Yau Christopher, Holmes Chris
Department of Statistics, University of Oxford, Oxford, U.K.,
Bayesian Anal. 2011 Jul 1;6(2):329-352. doi: 10.1214/11-BA612.
We propose a hierarchical Bayesian nonparametric mixture model for clustering when some of the covariates are assumed to be of varying relevance to the clustering problem. This can be thought of as an issue in variable selection for unsupervised learning. We demonstrate that by defining a hierarchical population based nonparametric prior on the cluster locations scaled by the inverse covariance matrices of the likelihood we arrive at a 'sparsity prior' representation which admits a conditionally conjugate prior.
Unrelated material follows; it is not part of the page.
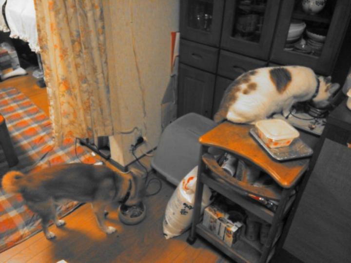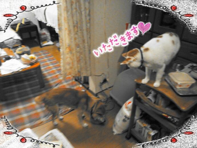 お風呂場からこっそり様子を伺って、サチが去った隙にまんまとシニア犬用ご飯をget!

This allows us to perform full Gibbs sampling to obtain posterior distributions over parameters of interest including an explicit measure of each covariate's relevance and a distribution over the number of potential clusters present in the data. This also allows for individual cluster specific variable selection. We demonstrate improved inference on a number of canonical problems.
当假设某些协变量与聚类问题的相关性不同时,我们提出一种用于聚类的分层贝叶斯非参数混合模型。这可以被视为无监督学习中变量选择的一个问题。我们证明,通过在由似然的逆协方差矩阵缩放的聚类位置上定义基于分层总体的非参数先验,我们得到了一种“稀疏先验”表示,该表示允许条件共轭先验。这使我们能够执行完全吉布斯采样,以获得感兴趣参数的后验分布,包括每个协变量相关性的显式度量以及数据中潜在聚类数量的分布。这也允许进行单个聚类特定的变量选择。我们在一些典型问题上展示了改进的推断。